From Steve Phillips explaining away his plight as a general manager of the Mets and being unable to do anything about his suspicions of players’ steroid abuse, to John Kruk admonishing everyone who did it for cheating the game, to Peter Gammons and Karl Ravech (who clearly have a personal relationship with Roger Clemens and Andy Pettite) looking downright funereal, it’s an absolute circus.

What names will be on the list? What other “suspicious” characters will NOT be on the list?

Jose Canseco has now posted up at the media center in a fur coat, smiling and taking pictures with admirers as he enters.

That’s where we are folks — even the guiltiest of guilty and the rich of rich and cheating-ist of the cheaters are still legends. It’s almost a slice of Americana idol worship gone mad.

These guys cheated the game. They cheated the fans. They cheated the history of the game. They made millions upon millions (if not BILLIONS of dollars) never to be returned, and they basically stole it from you and me while we worshiped at their altars and cheered their “long balls.”

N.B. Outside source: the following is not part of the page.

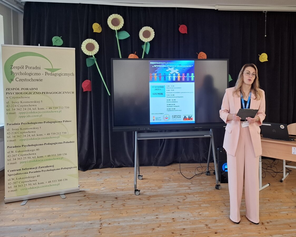 Uczestnicy konferencji naukowej z wielkim zaciekawieniem wysłuchali referatu wicedyrektor Zespołu Psychologiczno-Pedagogicznych w Częstochowie Małgorzaty Krakowskiej, która przedstawiła podstawowe założenie edukacji włączającej: poznaj dziecko, zaakceptuj, a potem pracuj. Zgromadzeni na sali mieli możliwość zapoznać się z informacją na temat uzyskania opinii o wspomaganiu rozwoju dziecka , o niezbędnych procedurach do uzyskania orzeczenia. Prelegentka przybliżyła działania i zadania Poradni Psychologiczno-Pedagogicznej.

Seeing the evidence mount — from the Tom Boswell reports 20 years ago through Bud Selig’s stupid quotes in 1995 to Mark McGwire and Sammy Sosa’s phony chase of Roger Maris in 1998 — it has now all come home to roost.

And the “honorable” Sen. George Mitchell now just wants it all to “go away.”

The past is the past.

Riiiiiiiiight!

Ken Caminiti is dead. Mark McGwire is outed. Barry Bonds looks like he’s going to jail. Roger Clemens, Miguel Tejada, Andy Pettite and the entire “Mitchell Report Posse” from today’s finger-pointing will forever be known as “cheaters.”

And you just know that over the next decade, players from coast to coast will be dying, getting ill or growing old with the prospects of whatever damage they did in their 20s and 30s that will come back to haunt them and their formerly Adonis-like bodies well into their middle and old age.

Doubt me? Just check off the list of professional wrestlers whose lives were lost during the last decade from the abuses of the 1980s and ’90s.

I’m getting some popcorn. It’s gonna be a long day and night. There ARE 400-plus pages to read.

As Charley Eckman always said: “It’s better than the movies.”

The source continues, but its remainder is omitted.